Here’s the Deal
Over the last four years, give or take a month or two, I’ve collected six white socks. “White” of some shade or another for which I have no “mates.” Or they have no mates. One has a red stripe on the toe, another has a green stripe. Yes, the stripes are the same color inside and outside – or outside and inside, but with socks, it is sometimes as impossible to tell in from out as left from right. One has no stripe but a grey heel, another has a white heel but a grey toe. Two are plain. These plain ones, with no stripe or reinforcing of toe or heel in a snazzy off-color – two-tone as it were – are, by laws governing socks, still “white” socks. The all-white socks do have a textured weave on the ankle that distinguishes them from each other, and ignoring stripes and heels, from every other one of these six unmatched beauties.
Why have I saved them? For the very same reason everyone saves unmated socks – we are possessed of a strong but nonetheless futile belief that the missing mate will show up sometime later and a happy reunion will take place. We persist in this belief in spite of a lifetime of experience suggesting otherwise.
Our washer and dryer are very well-behaved. They do not wantonly swallow, or otherwise digest odd socks, an occasional pair of dainty briefs, handkerchiefs, or bathroom area rugs. I cannot in fact recall the exact times these unmated socks showed up. In fact, I can’t say for sure I was the one folding and discovering any of these loners. We are a shared responsibility family, so washing drying, and folding are like as not to be done by one spouse as the other. We do draw the line at put-away except for common items like towels, linens, tablecloths and so on. Dresser drawers are for some reason sovereign territory. Please don’t ask me to deduce a reason or assess virtue here, it’s simply fact.
One thinks on first discovery perhaps the laundry basket wasn’t completely emptied. Or that in tossing dirty socks into the laundry basket, something less than the skills of Michael Jordan were on display. Or maybe there were two loads of whites and previously happily-mated socks were in separate wash loads, separate dryer loads and perhaps one load still has not crossed the laundry day finish-line.
But the missing mate doesn’t show up. The singleton goes into the “sock” drawer, always conspicuous in that it is not – depending on your sock-drawer style – mated and folded longwise once and stacked into the drawer, or a favorite of mine but reserved for dress socks, rolled into a ball and more-or-less sealed inside one of the pair.

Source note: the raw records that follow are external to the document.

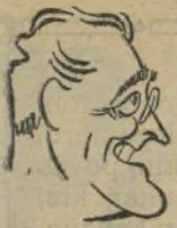
ROOSEVELT Usona Prezidanto
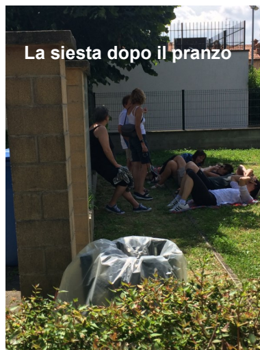
La siesta dopo il pranzo
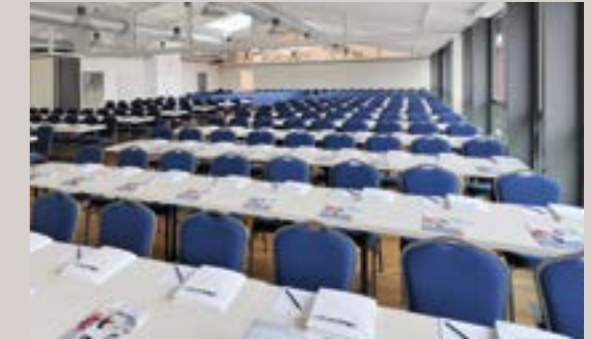
Rinderstall - Salon Conrad, 1.OG

Raumhöhe: 2,7 -4,4 m - Raumgröße: 13,3 x 12,5 m/167 m 2 Seeblick, Verdunkelung, barrierefrei
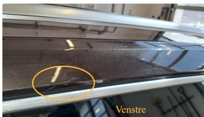
1.15 Riper på takvanger
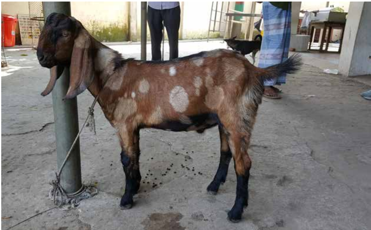
Get i Bangladesh.
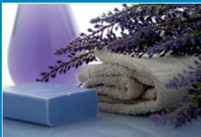
Lavendel-Spezial im Badehaus
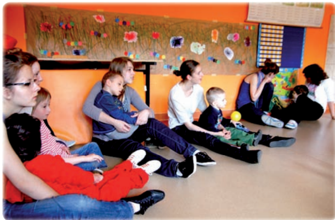
Przez dwa dni rodzice dzieci uczęszczających do Specjalnego Ośrodka Szkolno-Wychowawczego w Barcicach mogli poznawać metody pracy stosowane w placówce.

- Po zajęciach oraz w przerwie pomiędzy nimi rodzice i dzieci mogli posiedzieć w kawiarence lub skorzystać z porad fizjoterapeuty ze
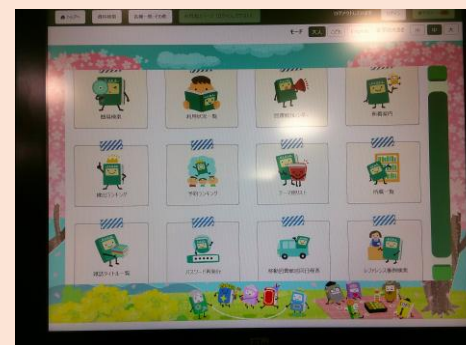
◀新しいOPAC画面 (図書館内用)
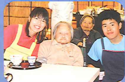
美味しいお茶を召し上がれ。
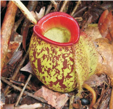
Nepenthes ampullaria bercak coklat bibir merah
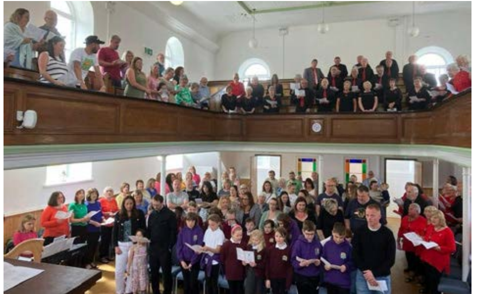
Cymanfa Ganu yn Seion, Waunarllwydd, un o gapeli'r Bedyddwyr

Fe waethygodd pethau, a daeth tro ar fyd hyd yn oed ymhlith y Cymry Cymraeg. Gwagiodd ein capeli, dilëwyd dysgu solffa o gwricwlwm ysgol ac ysgol Sul, ac
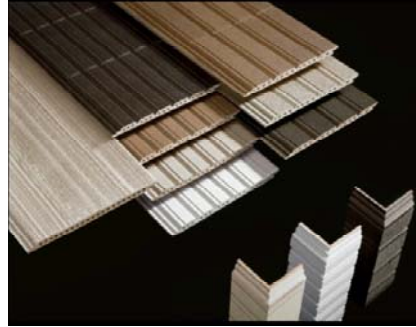
「ベルバーン」の表情豊かな意匠と質感
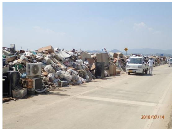
写真3 平成30年7月豪雨 片付けごみ排出状況（倉敷市）
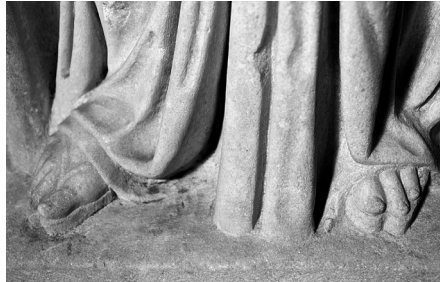
Fig. 9 Kyme steli, genç kız figürü, detay.
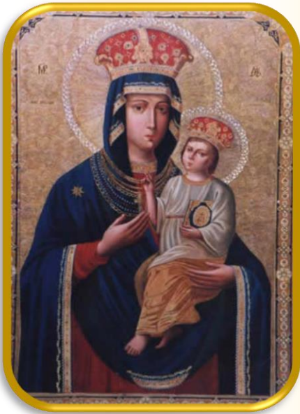
Озерянська ікона Богородиці

Григорій Квітка-Основ'яненко не здобув широкої освіти в навчальних закладах, навчався лише вдома та в школі при монастирі. Мав музичний хист: грав на флейті та фортепіано. Писав духовну музику
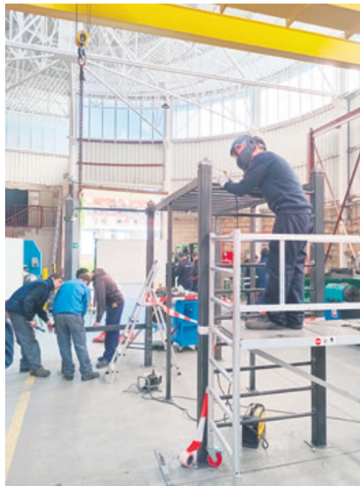
Ikasleak lanean. ARETXABALETAKO LANBIDE HEZIKETA ESKOLA

Aretxabaleta Lanbide Heziketa Eskolako aspaldi dihardu ekimen solidarioetan parte hartzen, eta horrela jarraitu nahi du aurrerantzean ere. Lan eredugarri horretan ikusten denez, gainera, proiektuak aukeratzeko orduan kontuan izaten ditu ziklo ezberdinak uztartzea eta elkarlana sustatzea, eta aurrera begirakoak ere bide beretik egin nahi ditu.
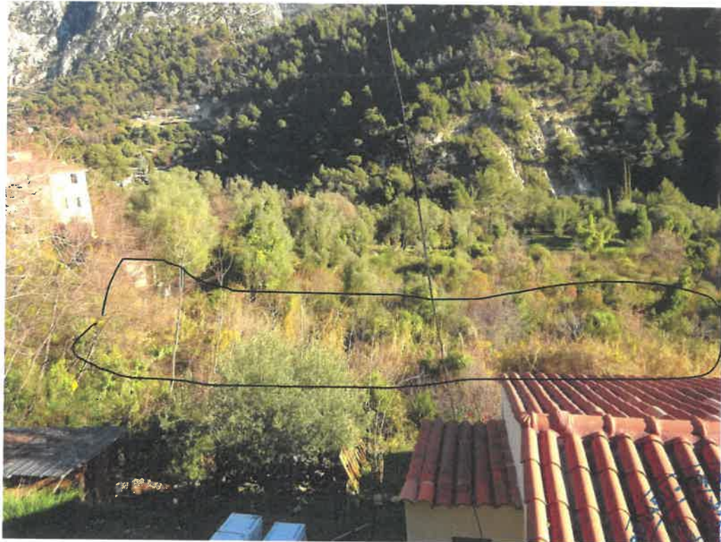
Vue des parcelles depuis le Sentier de Monti

After a couple of months and after filing a missing-sock report with the laundry police, the singleton moves to the bottom drawer – the one where the t-shirts you really need to throw away but are saving for the day you repaint the dining room are kept with the jeans too loose – good for you! – or too tight, but in “reserve” against the vagaries of middle-age waistline ebb and flow.
I said six socks? Seven. One more falls into the “white” group but it is gray. Not a “sweat sock” – remember sweat socks? – but close. Not hard gray, but soft and at first glance it looks white. A classy sock, but presently a loner.
I buy socks all at once. And not that often. I can’t imagine buying six – excuse me seven – different styles of white socks. Not in four years. I have some socks older than my son, who has now a son of his own. And I presume, though we’ve never discussed this highly personal subject, a “special” place in his sock drawer for orphaned socks. Mine are still serviceable and not in that “old guy” kind of way. I mean they are really almost new.
So, I don’t know where these socks came from, really. Like they snuck into the laundry room one day when no one was standing guard? They are strays off the street? I’m not certain. I do not believe I bought every one of them.
This morning I brought these mismatches to my office, ostensibly to cut them into nice soft rags for my garage messes. Wait. These are good socks. If you cut them, they start shedding little sock balls everywhere. That won’t do. Won’t do to use them whole – can’t have Lester from next door come over and catch me with my hand inside a sock wiping oil off the lawn mower cowl. I can hear his jeering comments about “playing hand puppets.” Rather not have to deal with that.
Great idea. A ton of yard work today, and since I’ll be wearing steel-toed boots because part of that work is wrangling the lawn mower around the yard, I can do this. Underneath my boots the fashion police, not seeing them, will not have grounds to make an arrest. The Missus is a high-ranking officer in said fashion-police and I am informed that whether I believe it or not I must dress appropriately even and especially working around the yard. Who can see what I have on under my boots? No one. I’ll wear two of these stray socks under my work boots clomping around the yard. When done and getting ready for that pre-dinner shower, I’ll just toss those socks in the trash. Every bit as good a use as wiping motor-oil drips or swiping English Walnut stain or imparting a thin oil sheen to every pair of pliers in the pliers drawer in that semi-annual maintenance event.
Three weekends, and I’ve given the socks an honorable send-off to the discard heap – one last use as they were intended. I seriously doubt they will know or care that they are mismatched.
Who wants to make a bet that four weeks from now another stray white sock will show up? Likely matching one of the six I ceremoniously retired.
Oh, I’m keeping the gray one. I’d really like to see the mate show up.